## ACTIVITY
In the data below, set down exactly the lines from the one containing "黑龙江哈尔滨市双城区全家十一名大法弟子恭祝师尊新年快乐!" up to and including the one containing "Neben dem DisplayPort". Leave the pictures out.

## EXTRACTED ENTRIES
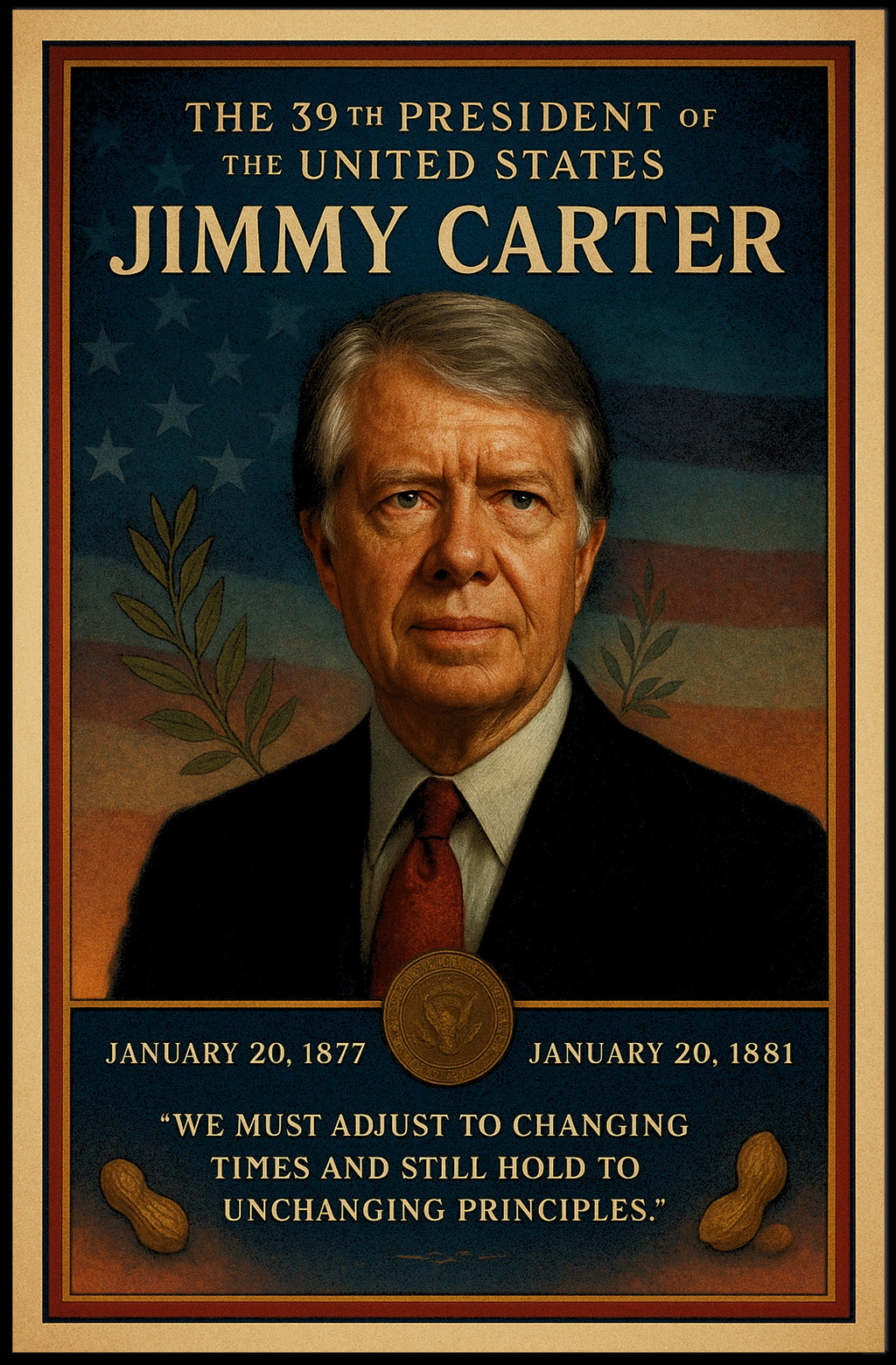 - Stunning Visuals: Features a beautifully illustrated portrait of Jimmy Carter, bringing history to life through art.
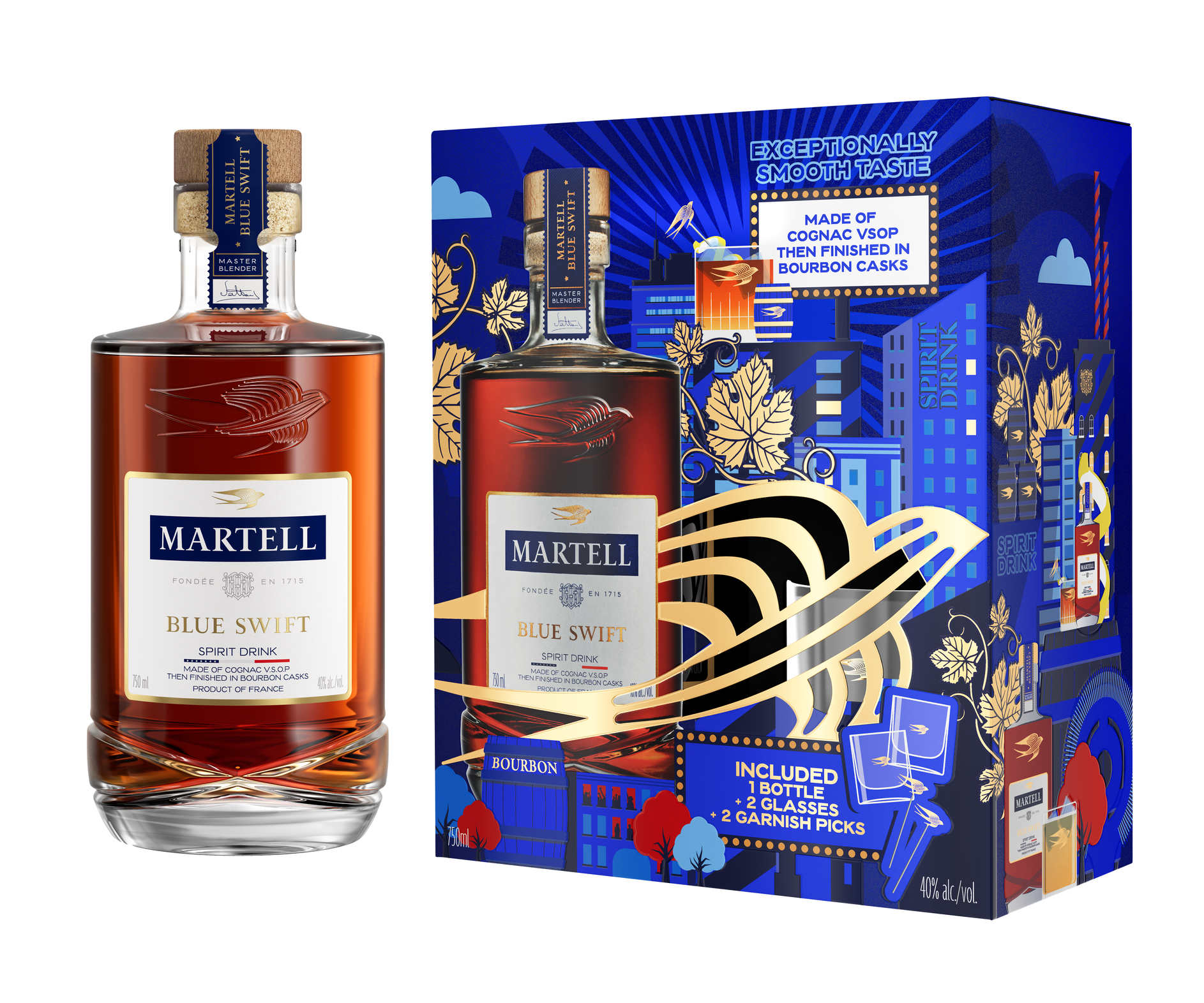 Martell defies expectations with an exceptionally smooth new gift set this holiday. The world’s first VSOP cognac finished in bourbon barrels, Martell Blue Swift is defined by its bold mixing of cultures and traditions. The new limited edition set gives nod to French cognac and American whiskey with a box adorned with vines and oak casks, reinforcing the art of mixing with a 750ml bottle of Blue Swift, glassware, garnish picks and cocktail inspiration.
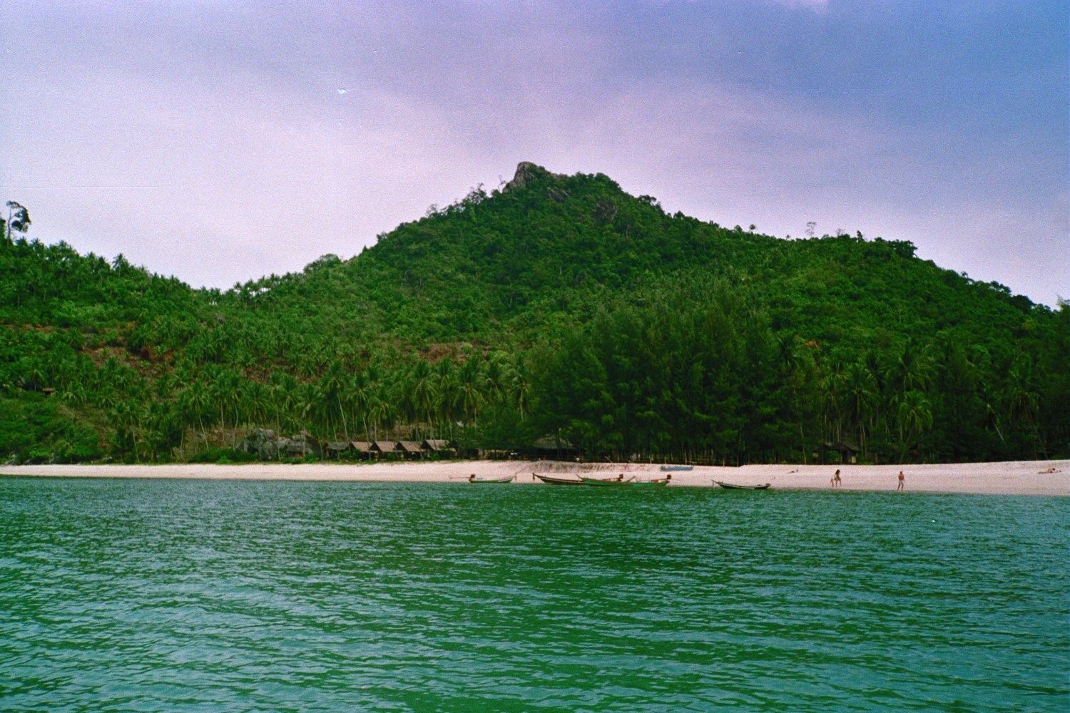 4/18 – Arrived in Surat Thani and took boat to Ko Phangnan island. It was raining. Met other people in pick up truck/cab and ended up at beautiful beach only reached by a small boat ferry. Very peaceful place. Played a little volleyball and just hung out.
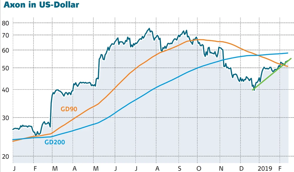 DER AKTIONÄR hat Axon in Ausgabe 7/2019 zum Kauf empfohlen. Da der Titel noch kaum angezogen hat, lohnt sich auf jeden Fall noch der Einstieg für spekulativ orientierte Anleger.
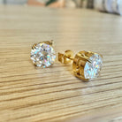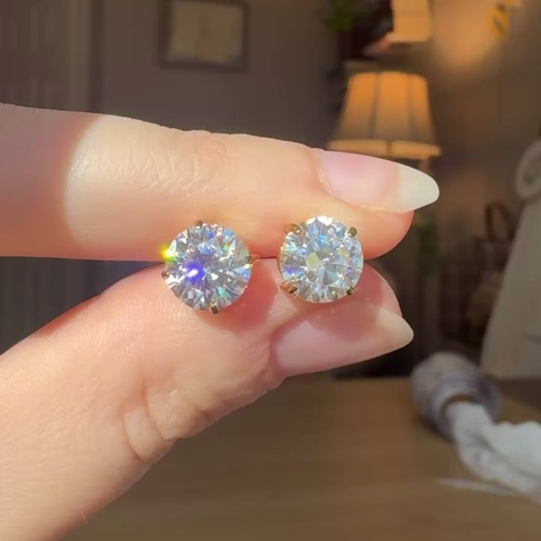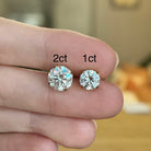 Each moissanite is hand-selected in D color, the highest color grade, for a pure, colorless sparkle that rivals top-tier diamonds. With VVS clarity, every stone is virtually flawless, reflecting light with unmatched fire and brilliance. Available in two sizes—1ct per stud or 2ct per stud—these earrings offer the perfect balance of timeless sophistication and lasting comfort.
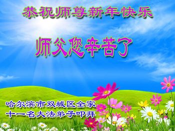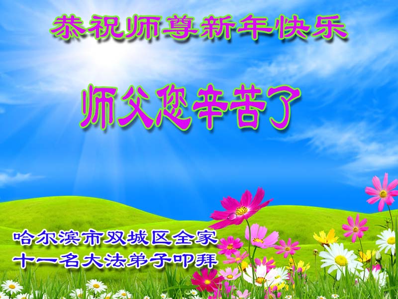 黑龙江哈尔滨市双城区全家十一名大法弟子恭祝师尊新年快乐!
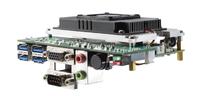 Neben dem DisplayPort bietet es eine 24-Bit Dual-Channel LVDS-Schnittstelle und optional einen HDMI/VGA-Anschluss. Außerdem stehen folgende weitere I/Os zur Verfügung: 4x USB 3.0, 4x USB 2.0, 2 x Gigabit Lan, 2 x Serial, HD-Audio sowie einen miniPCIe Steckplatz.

--

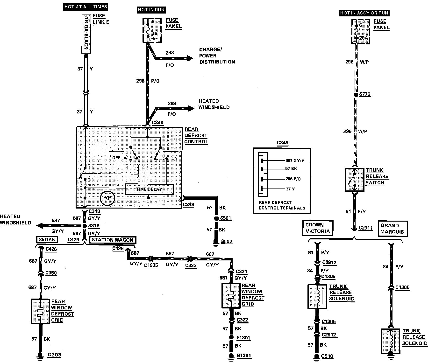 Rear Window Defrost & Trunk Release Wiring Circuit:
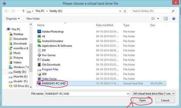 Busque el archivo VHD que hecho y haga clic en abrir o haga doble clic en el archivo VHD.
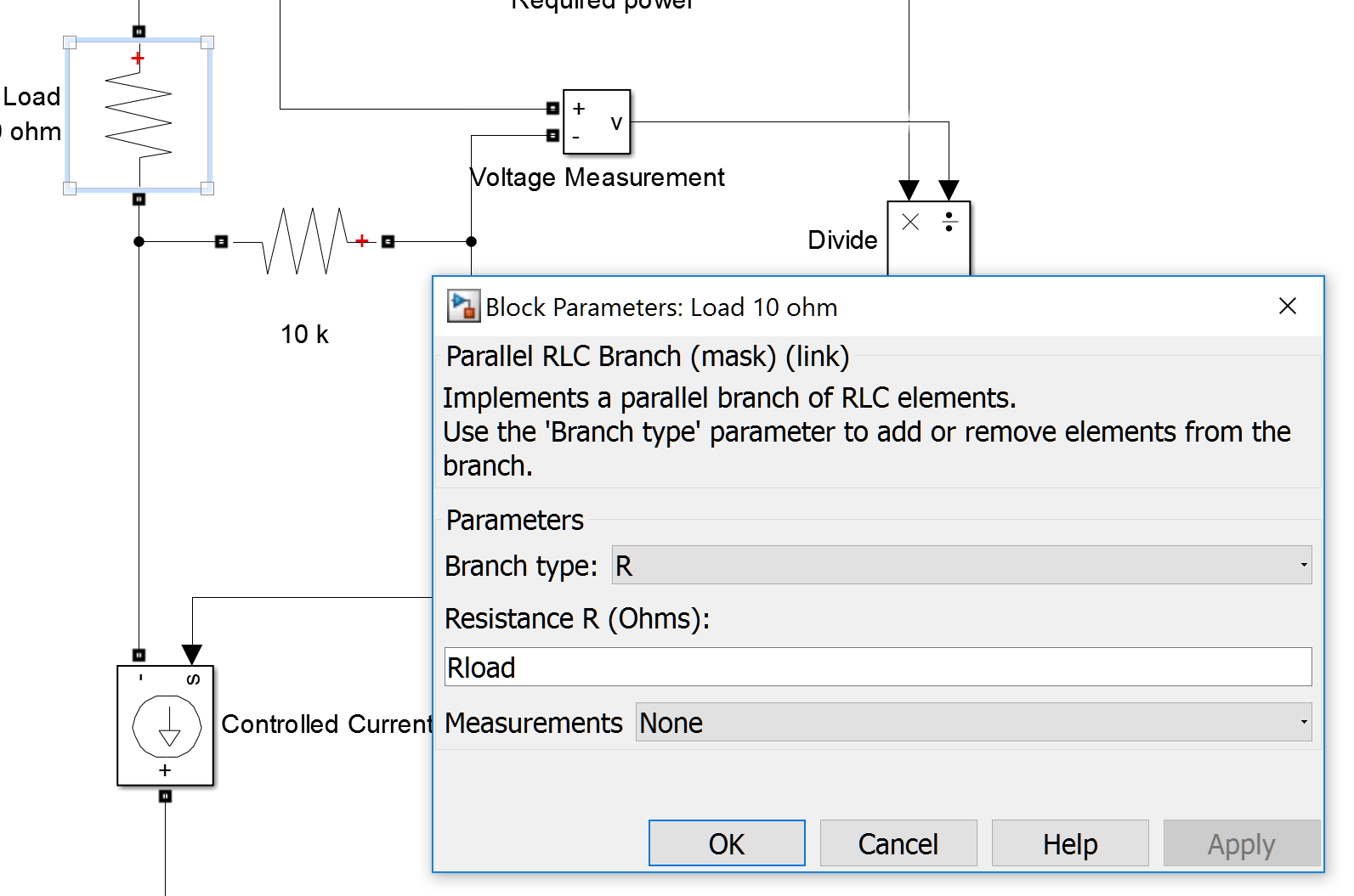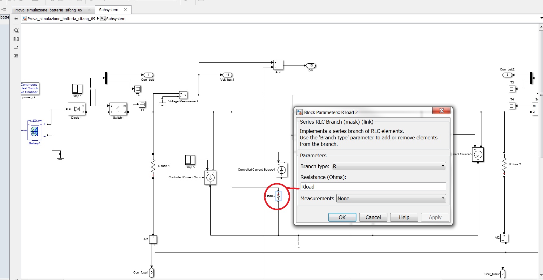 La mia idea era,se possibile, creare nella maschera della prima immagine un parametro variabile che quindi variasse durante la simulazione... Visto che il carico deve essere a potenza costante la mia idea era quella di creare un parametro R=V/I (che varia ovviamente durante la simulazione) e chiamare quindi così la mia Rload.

--

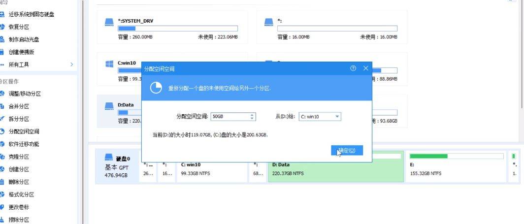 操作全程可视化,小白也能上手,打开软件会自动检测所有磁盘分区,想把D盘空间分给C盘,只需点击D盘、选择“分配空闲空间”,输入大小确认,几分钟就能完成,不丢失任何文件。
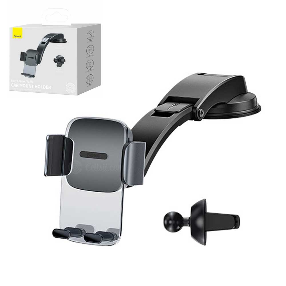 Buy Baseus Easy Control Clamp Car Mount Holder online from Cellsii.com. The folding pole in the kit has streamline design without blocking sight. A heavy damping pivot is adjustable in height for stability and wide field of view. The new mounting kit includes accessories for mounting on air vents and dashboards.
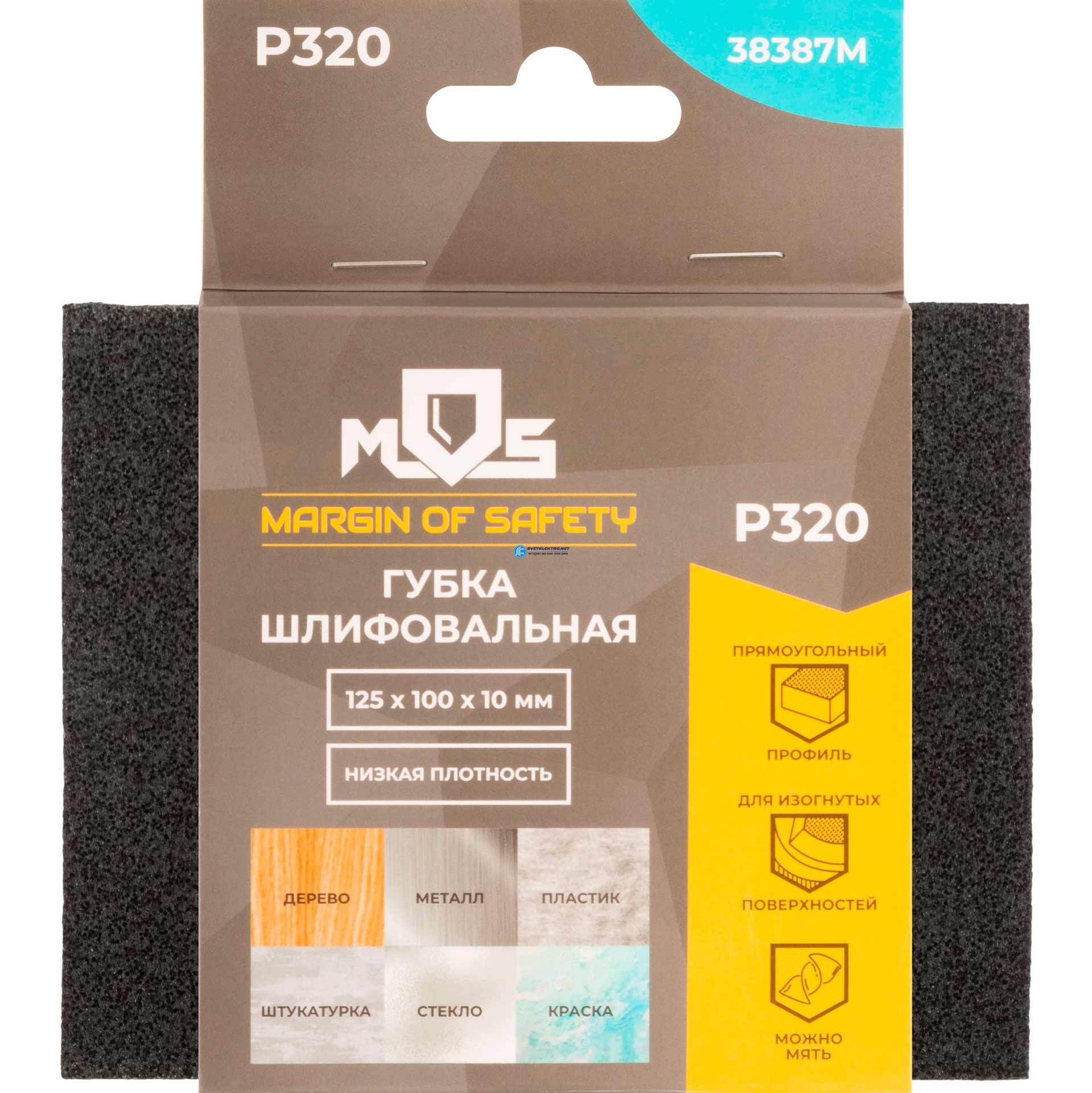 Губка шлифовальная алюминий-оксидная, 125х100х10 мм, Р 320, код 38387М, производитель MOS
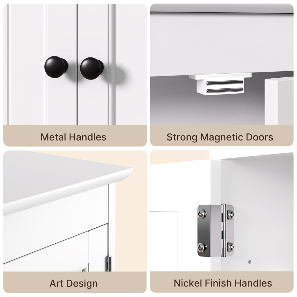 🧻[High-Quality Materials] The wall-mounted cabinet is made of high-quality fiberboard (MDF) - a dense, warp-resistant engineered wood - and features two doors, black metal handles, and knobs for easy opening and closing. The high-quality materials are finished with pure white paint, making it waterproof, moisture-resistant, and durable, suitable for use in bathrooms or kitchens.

## RESULT BELOW
 黑龙江哈尔滨市双城区全家十一名大法弟子恭祝师尊新年快乐!
 Neben dem DisplayPort bietet es eine 24-Bit Dual-Channel LVDS-Schnittstelle und optional einen HDMI/VGA-Anschluss. Außerdem stehen folgende weitere I/Os zur Verfügung: 4x USB 3.0, 4x USB 2.0, 2 x Gigabit Lan, 2 x Serial, HD-Audio sowie einen miniPCIe Steckplatz.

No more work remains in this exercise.